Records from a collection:
---

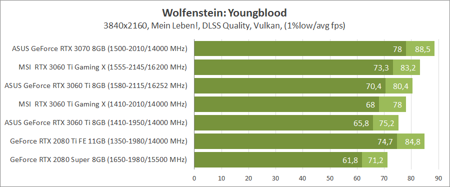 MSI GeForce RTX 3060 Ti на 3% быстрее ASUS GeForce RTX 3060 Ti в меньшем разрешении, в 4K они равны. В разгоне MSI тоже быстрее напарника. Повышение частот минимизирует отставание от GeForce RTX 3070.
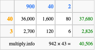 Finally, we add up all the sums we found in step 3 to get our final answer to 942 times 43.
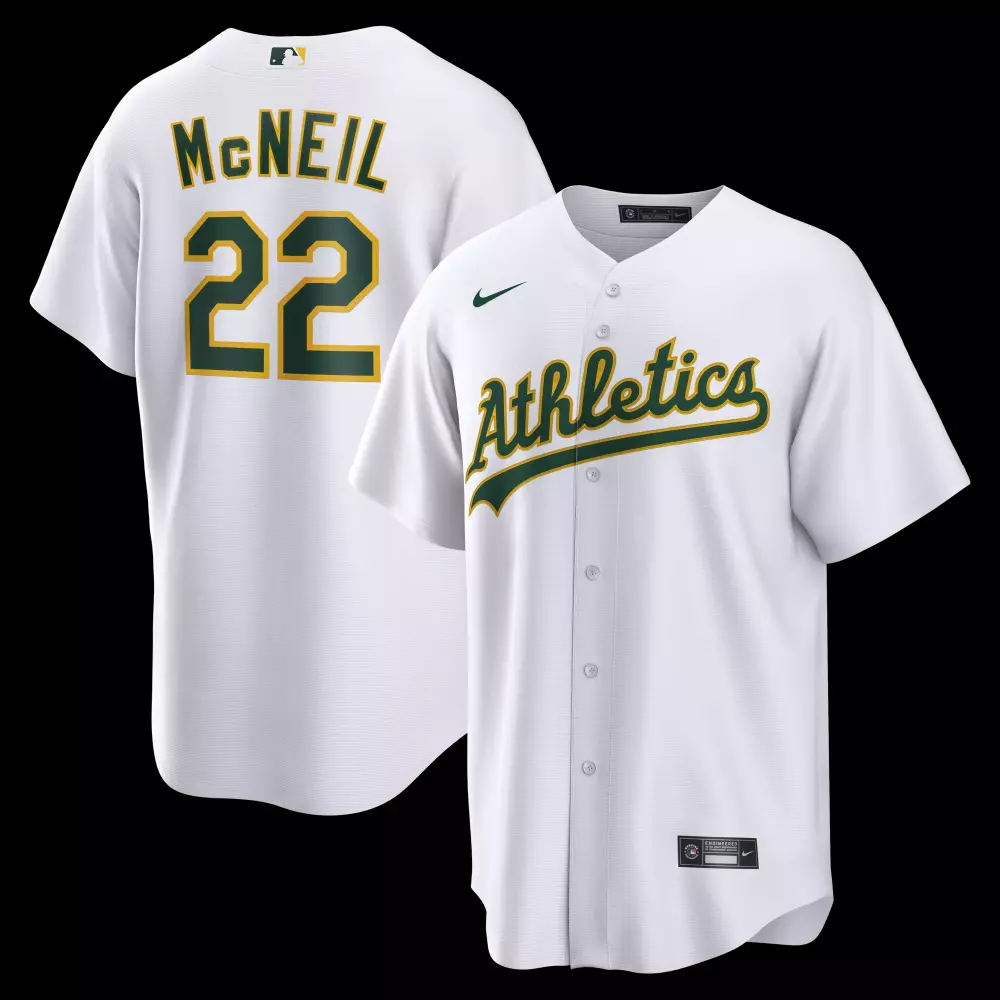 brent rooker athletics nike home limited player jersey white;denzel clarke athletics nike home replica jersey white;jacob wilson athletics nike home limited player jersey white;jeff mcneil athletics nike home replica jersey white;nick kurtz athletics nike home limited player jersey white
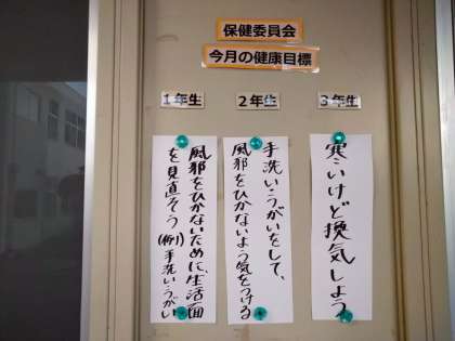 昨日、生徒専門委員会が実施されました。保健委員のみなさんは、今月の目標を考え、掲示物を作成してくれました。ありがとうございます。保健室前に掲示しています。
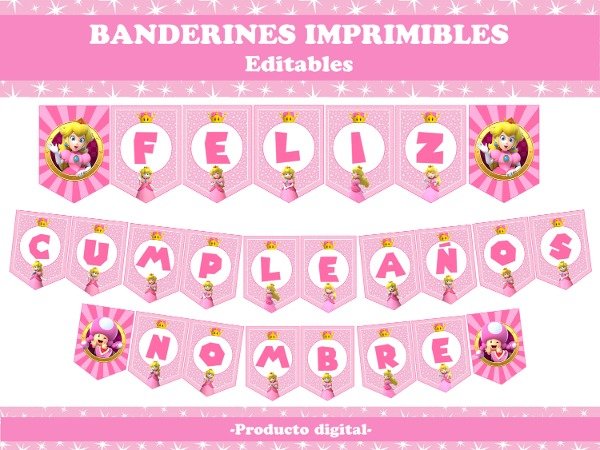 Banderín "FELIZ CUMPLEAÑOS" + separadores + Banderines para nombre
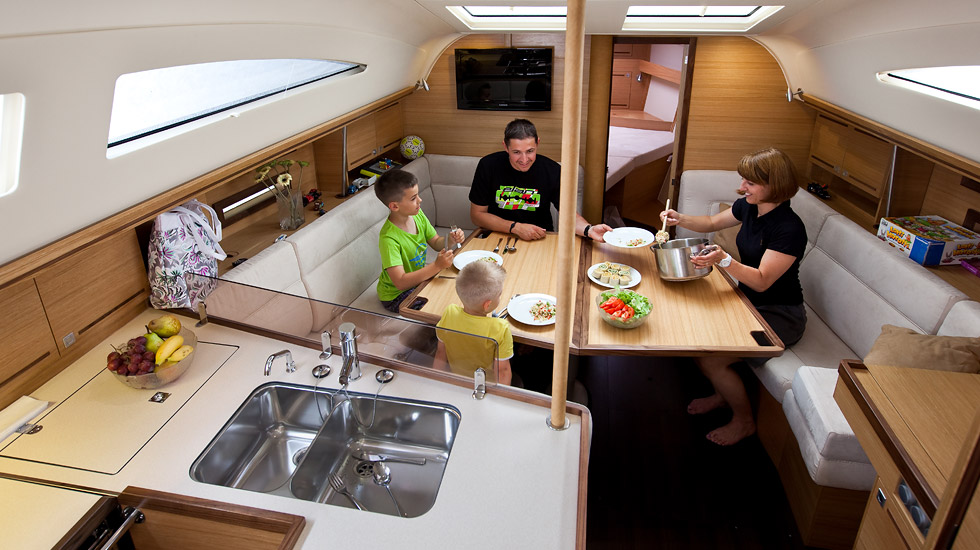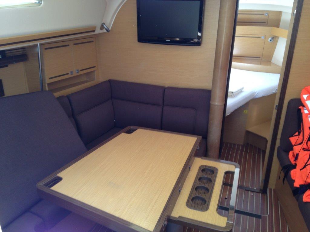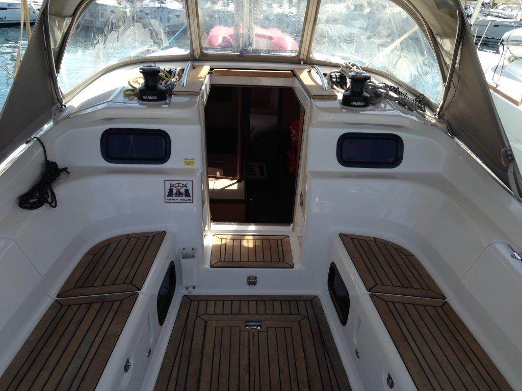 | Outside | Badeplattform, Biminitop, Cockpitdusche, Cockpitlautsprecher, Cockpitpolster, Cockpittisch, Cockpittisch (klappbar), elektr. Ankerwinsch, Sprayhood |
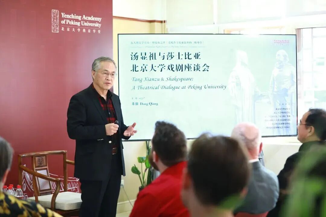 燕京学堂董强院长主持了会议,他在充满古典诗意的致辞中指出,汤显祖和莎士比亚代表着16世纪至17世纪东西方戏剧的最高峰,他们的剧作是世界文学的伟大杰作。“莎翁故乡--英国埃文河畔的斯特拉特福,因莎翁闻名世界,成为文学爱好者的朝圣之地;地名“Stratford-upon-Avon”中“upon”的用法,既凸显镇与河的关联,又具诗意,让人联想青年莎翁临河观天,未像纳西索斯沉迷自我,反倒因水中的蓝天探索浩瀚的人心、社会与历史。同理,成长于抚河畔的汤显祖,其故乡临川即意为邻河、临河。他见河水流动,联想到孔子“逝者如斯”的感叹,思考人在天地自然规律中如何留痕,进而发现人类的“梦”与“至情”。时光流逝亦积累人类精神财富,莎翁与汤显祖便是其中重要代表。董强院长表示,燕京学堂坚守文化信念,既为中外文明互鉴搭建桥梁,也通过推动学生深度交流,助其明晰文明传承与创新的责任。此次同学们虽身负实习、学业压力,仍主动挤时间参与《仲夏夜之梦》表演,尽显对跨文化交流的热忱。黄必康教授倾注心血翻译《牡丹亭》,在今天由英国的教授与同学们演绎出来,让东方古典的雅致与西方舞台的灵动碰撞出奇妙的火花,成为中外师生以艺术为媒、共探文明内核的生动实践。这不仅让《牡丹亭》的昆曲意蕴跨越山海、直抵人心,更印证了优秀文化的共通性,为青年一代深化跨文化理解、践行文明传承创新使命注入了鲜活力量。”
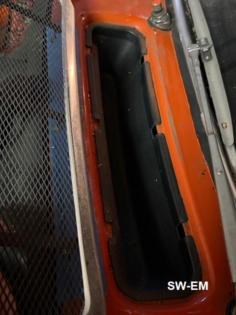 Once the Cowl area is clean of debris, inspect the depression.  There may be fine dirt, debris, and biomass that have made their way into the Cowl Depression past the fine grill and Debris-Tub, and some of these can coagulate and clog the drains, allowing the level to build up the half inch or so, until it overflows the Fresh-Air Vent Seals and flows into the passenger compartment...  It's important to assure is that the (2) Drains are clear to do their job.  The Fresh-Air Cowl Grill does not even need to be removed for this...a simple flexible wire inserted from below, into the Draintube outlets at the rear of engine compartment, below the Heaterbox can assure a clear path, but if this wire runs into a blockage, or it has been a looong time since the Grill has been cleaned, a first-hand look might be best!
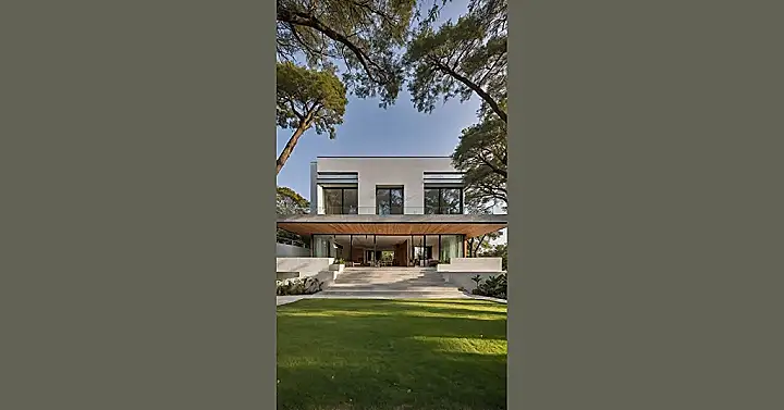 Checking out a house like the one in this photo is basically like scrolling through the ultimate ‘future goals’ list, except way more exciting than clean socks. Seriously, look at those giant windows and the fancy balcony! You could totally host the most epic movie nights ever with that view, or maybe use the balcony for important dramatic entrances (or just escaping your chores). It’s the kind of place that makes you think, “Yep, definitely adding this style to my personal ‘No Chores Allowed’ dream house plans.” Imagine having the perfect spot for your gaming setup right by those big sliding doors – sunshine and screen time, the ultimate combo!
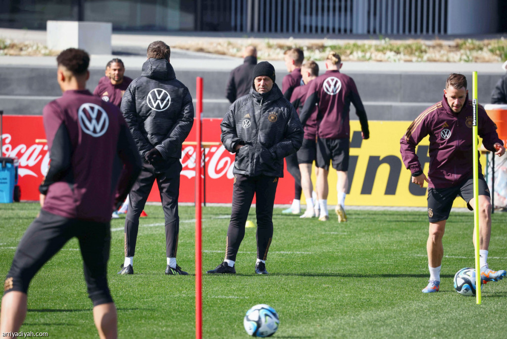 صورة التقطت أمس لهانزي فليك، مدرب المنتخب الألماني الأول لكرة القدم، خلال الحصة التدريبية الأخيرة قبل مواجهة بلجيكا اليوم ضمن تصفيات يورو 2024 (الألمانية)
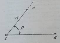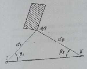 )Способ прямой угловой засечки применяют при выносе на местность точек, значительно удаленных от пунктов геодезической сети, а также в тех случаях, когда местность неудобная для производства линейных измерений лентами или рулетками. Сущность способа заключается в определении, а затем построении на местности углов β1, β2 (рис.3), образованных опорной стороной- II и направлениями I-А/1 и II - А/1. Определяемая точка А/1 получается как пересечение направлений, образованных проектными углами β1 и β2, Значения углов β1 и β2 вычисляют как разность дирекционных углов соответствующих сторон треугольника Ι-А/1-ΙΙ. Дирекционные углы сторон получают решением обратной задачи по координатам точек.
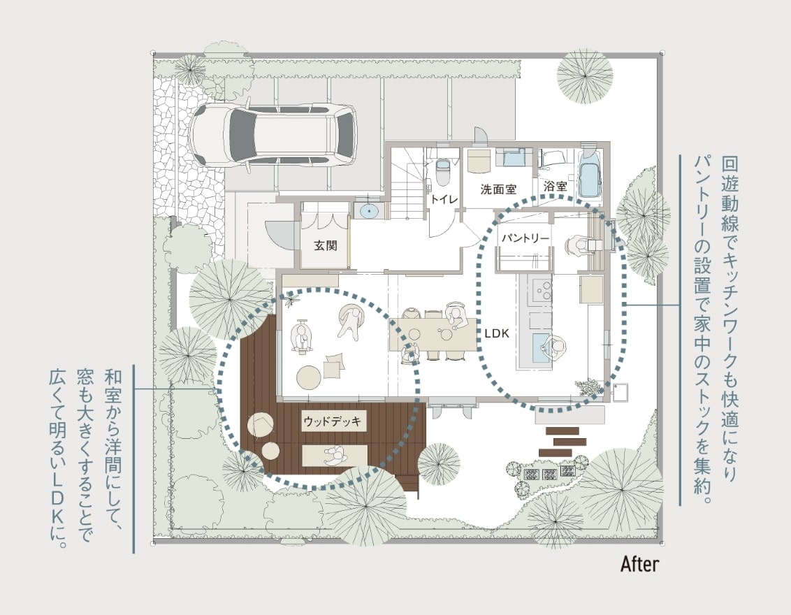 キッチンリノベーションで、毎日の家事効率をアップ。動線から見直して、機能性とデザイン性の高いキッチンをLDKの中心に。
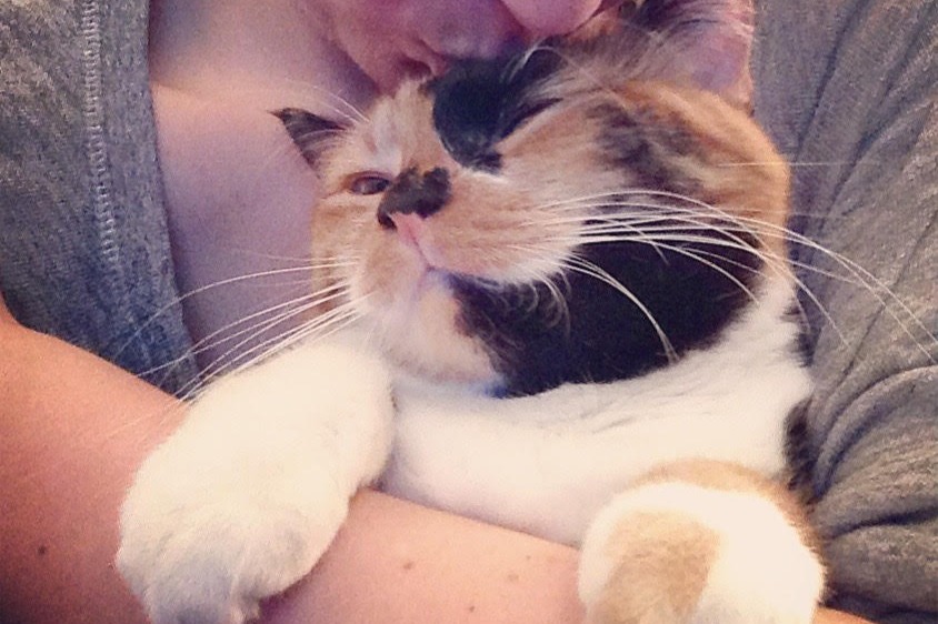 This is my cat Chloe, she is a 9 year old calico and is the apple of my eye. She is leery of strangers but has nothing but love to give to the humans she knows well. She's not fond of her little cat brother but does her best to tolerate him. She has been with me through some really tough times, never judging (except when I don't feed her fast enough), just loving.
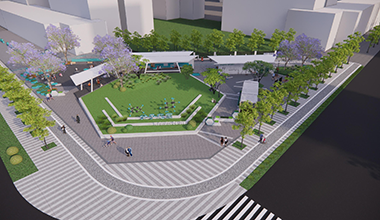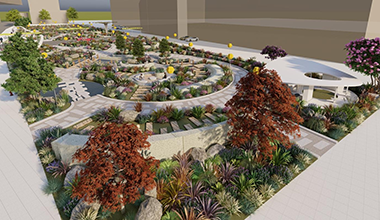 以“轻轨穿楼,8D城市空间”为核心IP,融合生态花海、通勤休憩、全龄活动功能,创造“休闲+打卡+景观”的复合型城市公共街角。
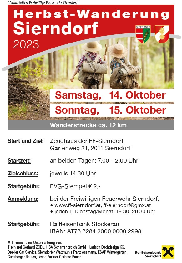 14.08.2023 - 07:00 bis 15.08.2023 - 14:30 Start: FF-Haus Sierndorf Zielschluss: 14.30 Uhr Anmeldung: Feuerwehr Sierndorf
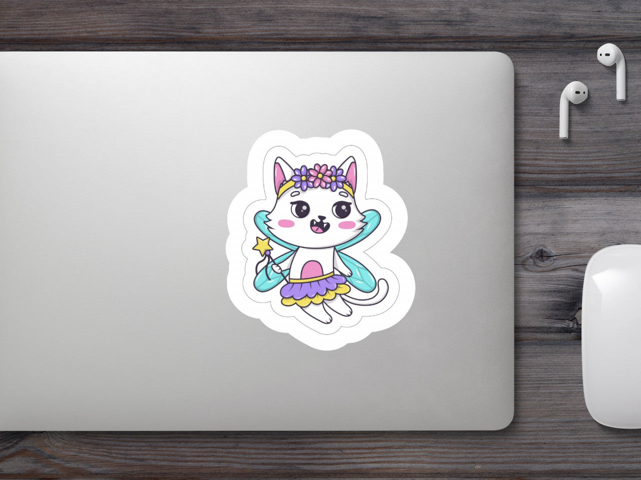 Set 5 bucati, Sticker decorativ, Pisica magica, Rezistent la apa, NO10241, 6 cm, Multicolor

---

Task details:
What is needed is a word-for-word copy of the lines from the start of the data to the line with "Ankerwinsch, Sprayhood |", inclusive, with no pictures in it.

Reply:
 MSI GeForce RTX 3060 Ti на 3% быстрее ASUS GeForce RTX 3060 Ti в меньшем разрешении, в 4K они равны. В разгоне MSI тоже быстрее напарника. Повышение частот минимизирует отставание от GeForce RTX 3070.
 Finally, we add up all the sums we found in step 3 to get our final answer to 942 times 43.
 brent rooker athletics nike home limited player jersey white;denzel clarke athletics nike home replica jersey white;jacob wilson athletics nike home limited player jersey white;jeff mcneil athletics nike home replica jersey white;nick kurtz athletics nike home limited player jersey white
 昨日、生徒専門委員会が実施されました。保健委員のみなさんは、今月の目標を考え、掲示物を作成してくれました。ありがとうございます。保健室前に掲示しています。
 Banderín "FELIZ CUMPLEAÑOS" + separadores + Banderines para nombre
 | Outside | Badeplattform, Biminitop, Cockpitdusche, Cockpitlautsprecher, Cockpitpolster, Cockpittisch, Cockpittisch (klappbar), elektr. Ankerwinsch, Sprayhood |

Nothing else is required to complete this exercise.